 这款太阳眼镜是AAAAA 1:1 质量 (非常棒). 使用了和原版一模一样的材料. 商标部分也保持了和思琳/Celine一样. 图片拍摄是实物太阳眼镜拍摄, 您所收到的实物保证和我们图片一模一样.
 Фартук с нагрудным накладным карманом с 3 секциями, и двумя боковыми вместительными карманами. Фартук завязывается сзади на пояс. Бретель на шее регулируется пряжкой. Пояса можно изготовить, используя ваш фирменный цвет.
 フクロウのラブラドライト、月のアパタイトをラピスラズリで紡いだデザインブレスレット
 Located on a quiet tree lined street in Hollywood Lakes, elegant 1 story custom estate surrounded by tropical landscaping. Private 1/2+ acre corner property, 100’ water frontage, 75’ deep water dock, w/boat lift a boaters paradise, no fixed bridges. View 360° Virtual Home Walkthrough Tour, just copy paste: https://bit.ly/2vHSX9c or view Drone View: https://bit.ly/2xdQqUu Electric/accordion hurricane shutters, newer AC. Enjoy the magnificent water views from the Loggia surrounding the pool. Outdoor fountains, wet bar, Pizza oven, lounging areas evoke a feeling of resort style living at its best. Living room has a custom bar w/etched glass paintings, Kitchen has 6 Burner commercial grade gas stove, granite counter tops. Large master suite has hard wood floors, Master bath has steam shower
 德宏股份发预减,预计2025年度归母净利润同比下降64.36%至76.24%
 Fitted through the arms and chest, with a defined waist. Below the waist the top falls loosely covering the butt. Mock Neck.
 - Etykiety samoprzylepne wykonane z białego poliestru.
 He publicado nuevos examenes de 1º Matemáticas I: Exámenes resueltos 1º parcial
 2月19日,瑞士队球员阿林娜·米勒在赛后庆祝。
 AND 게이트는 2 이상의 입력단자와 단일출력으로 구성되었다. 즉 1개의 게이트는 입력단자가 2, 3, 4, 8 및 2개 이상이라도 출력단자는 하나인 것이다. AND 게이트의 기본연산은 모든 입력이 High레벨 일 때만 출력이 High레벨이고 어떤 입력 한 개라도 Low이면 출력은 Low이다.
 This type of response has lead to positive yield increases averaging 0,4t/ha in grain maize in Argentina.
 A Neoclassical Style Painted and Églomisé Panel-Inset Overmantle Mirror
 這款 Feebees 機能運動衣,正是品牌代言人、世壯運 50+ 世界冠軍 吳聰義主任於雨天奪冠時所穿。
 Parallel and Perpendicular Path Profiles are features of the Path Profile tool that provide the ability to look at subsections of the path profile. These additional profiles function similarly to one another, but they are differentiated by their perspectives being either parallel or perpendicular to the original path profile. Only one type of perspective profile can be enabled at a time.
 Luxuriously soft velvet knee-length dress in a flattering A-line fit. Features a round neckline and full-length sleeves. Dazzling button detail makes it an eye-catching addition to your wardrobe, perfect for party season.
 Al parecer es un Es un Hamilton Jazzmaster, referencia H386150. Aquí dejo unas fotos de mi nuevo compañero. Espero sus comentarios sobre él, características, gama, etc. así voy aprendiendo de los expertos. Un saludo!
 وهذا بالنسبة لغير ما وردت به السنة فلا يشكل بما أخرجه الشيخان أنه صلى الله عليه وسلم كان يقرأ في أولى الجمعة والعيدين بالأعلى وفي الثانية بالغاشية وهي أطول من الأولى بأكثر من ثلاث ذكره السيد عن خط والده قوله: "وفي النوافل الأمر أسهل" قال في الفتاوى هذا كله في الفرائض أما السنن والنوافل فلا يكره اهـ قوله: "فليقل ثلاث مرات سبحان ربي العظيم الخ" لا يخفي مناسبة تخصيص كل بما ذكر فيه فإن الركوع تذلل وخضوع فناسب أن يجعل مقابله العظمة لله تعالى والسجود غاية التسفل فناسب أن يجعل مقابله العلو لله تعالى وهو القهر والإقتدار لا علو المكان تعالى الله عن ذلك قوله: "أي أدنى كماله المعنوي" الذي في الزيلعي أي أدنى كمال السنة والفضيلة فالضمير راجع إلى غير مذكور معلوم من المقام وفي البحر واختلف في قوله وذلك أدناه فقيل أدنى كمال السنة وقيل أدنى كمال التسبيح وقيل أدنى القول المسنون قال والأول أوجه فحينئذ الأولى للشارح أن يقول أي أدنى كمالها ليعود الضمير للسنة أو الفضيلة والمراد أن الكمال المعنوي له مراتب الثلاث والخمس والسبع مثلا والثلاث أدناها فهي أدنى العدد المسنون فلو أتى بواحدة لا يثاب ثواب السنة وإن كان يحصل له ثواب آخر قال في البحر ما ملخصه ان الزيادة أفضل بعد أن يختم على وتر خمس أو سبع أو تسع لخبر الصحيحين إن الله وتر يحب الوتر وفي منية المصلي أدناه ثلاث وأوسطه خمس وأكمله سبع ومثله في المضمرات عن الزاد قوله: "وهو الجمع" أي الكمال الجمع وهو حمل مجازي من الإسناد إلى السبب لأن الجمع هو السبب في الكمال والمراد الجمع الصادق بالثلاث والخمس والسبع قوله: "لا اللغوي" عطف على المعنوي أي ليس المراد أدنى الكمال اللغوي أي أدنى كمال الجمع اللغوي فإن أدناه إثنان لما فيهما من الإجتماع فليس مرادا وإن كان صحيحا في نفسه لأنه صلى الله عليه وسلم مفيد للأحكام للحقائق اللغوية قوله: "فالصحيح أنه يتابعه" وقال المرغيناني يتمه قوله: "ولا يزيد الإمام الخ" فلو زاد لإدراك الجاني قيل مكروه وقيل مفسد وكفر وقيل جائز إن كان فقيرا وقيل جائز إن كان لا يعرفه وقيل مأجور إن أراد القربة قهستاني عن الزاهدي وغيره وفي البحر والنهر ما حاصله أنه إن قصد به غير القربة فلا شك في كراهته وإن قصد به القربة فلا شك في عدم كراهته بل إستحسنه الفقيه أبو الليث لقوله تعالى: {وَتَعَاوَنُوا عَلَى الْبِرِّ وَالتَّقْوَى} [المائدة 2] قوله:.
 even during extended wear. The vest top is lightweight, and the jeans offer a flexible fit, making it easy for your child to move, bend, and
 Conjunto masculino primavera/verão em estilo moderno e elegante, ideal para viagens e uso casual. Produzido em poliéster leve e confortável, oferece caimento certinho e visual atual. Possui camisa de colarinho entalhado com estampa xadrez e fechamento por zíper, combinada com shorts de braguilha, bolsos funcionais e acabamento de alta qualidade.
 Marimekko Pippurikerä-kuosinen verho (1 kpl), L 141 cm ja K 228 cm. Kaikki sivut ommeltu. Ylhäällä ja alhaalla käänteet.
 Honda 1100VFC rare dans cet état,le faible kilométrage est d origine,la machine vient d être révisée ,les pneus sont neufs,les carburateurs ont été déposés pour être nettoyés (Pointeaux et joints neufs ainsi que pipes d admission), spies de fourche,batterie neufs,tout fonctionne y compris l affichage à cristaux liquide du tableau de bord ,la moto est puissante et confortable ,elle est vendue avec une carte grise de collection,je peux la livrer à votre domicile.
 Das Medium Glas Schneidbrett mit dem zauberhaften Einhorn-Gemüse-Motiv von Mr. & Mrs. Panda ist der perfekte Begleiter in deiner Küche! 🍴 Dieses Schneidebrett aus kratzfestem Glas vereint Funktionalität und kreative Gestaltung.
==============================
• **Exercise brief**
Write down again the exact lines running from the beginning of the data to the line containing "Фартук с нагрудным", with both ends included.

• **Response box**
 这款太阳眼镜是AAAAA 1:1 质量 (非常棒). 使用了和原版一模一样的材料. 商标部分也保持了和思琳/Celine一样. 图片拍摄是实物太阳眼镜拍摄, 您所收到的实物保证和我们图片一模一样.
 Фартук с нагрудным накладным карманом с 3 секциями, и двумя боковыми вместительными карманами. Фартук завязывается сзади на пояс. Бретель на шее регулируется пряжкой. Пояса можно изготовить, используя ваш фирменный цвет.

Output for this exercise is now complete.